Capa original da edição da Companhia das Letras (capa nacional definitiva ainda por revelar) |
Passageiro do fim do dia (Rubens Figueiredo)
O romance vencedor do prestigiado Prémio PT Literatura 2011 é um livro sobre várias viagens. A primeira começa quando Pedro, o passageiro do fim do dia, apanha o autocarro do centro da cidade rumo à periferia para ir ter com a namorada. É hora de ponta e a viagem demora. Dá tempo para ler e também para deixar correr os pensamentos.
Pedro é um observador. Uma pequena cicatriz no cotovelo do homem que está sentado à sua frente, ou o longo suspirar da mulher que segue ali ao lado, são pequenos detalhes que (nos) prendem a atenção e fazem voar, para logo regressar(mos) ao livro de Darwin e às notícias da economia que Pedro ouve no pequeno rádio a pilhas.
Observando o que se passa dentro do autocarro, e também na rua, Pedro é, terminada a viagem, um homem diferente, alguém mais atento às desigualdades sociais, mais conhecedor e mais crítico.
O passageiro do fim do dia é por isso literatura, sociologia e política. Numa alegoria plena dos dramas urbanos contemporâneos, Rubens Figueiredo oferece ao leitor um retrato do Brasil atual, desigual, fervilhante, e uma história que revela a beleza delicada de uma escrita sobre a periferia pobre da cidade grande: uma espécie de panela de pressão de violência e de crueza no fundo de verdade que é o osso da vida.
Deixo-vos, além do booktrailer, os belos parágrafos de abertura do livro, para lhe apanharem o gosto!
Não ver, não entender e até não sentir. E tudo isso sem chegar a ser um idiota e muito menos um louco aos olhos das pessoas. Um distraído, de certo modo — e até meio sem querer. O que também ajudava. Motivo de gozação para uns, de afeição para outros, ali estava uma qualidade que, quase aos trinta anos, ele já podia confundir com o que era — aos olhos das pessoas. Só que não bastava. Por mais distraído que fosse, ainda era preciso buscar distrações.

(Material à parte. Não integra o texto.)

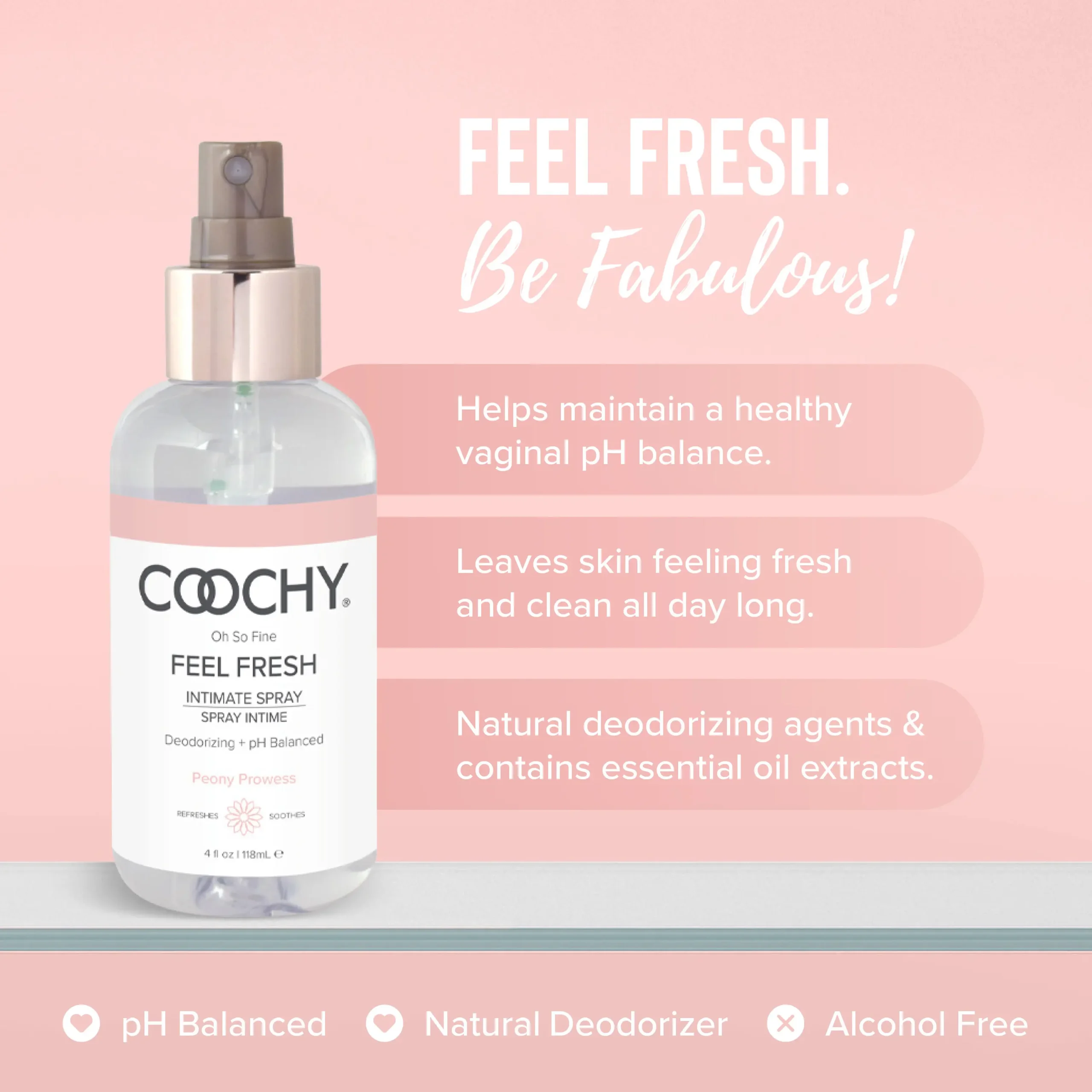 COOCHY Feel Fresh Intimate Feminine Spray | Infused with Natural Deodorizing Agents & Essential Oils 4.9 oz
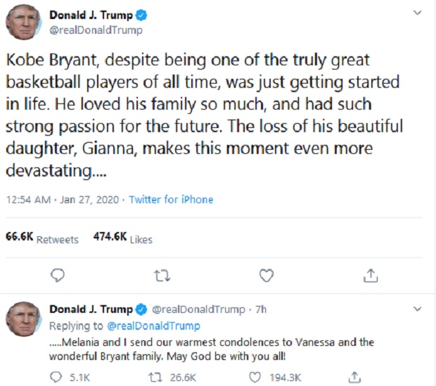 TRAGIČNU smrt legendarnog košarkaša Kobija Brajanta koji je zajedno s 13-godišnjom ćerkom i još sedam ljudi poginuo u pada helikoptera na društvenoj mreži "Tviter" prokomentarisao je i američki predsednik Donald Tramp.
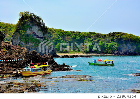 金沢・能登金剛・巌門の上の展望台より見下ろす、巌門近くを進む遊覧船

Pedro abriu com a unha a tampinha da parte de trás do rádio minúsculo e trocou a pilha. A música foi devolvida, tão forte quanto os chiados e mais alta do que os barulhos da rua. Ele tinha enfiado os fones nos ouvidos. Estava de pé, num fim de tarde, colhido numa diagonal rasante por um sol cor de brasa que se recusava a ir embora e se negava a refrescar. Um sol quase colado à sua testa e também à testa de todos os outros, que se mantinham em ordem numa fila, à espera do ônibus no ponto final.
Não havia nada entre o sol e as cabeças de todos ali, a não ser a parte mais alta do poste de concreto e os fios bambos de eletricidade ou de telefone, que lá em cima irradiavam para os dois lados numa simetria de costelas. A sombra da fila, estendida quase ao máximo sobre a calçada, era a única sombra. A demora do ônibus, o bafo de urina e de lixo, a calçada feita de buracos e poças, o asfalto ardente com borrões azuis de óleo, quase a ponto de fumegar — Pedro já estava até habituado. Não são os mimados, mas sim os adaptados que vão sobreviver.
Pensando bem, não era tanto uma questão de hábito nem de mimos. Acontece que toda hora é hora de avançar na escala evolutiva, subir mais um degrau. É mesmo impossível ficar parado e, qualquer que seja a direção em que as pernas começam a andar, o chão logo toma a forma de uma escada. Além do mais, é preciso reconhecer: sem mal‑estar, sem adversidade, sem um castigo sequer, como se pode esperar que haja alguma adaptação?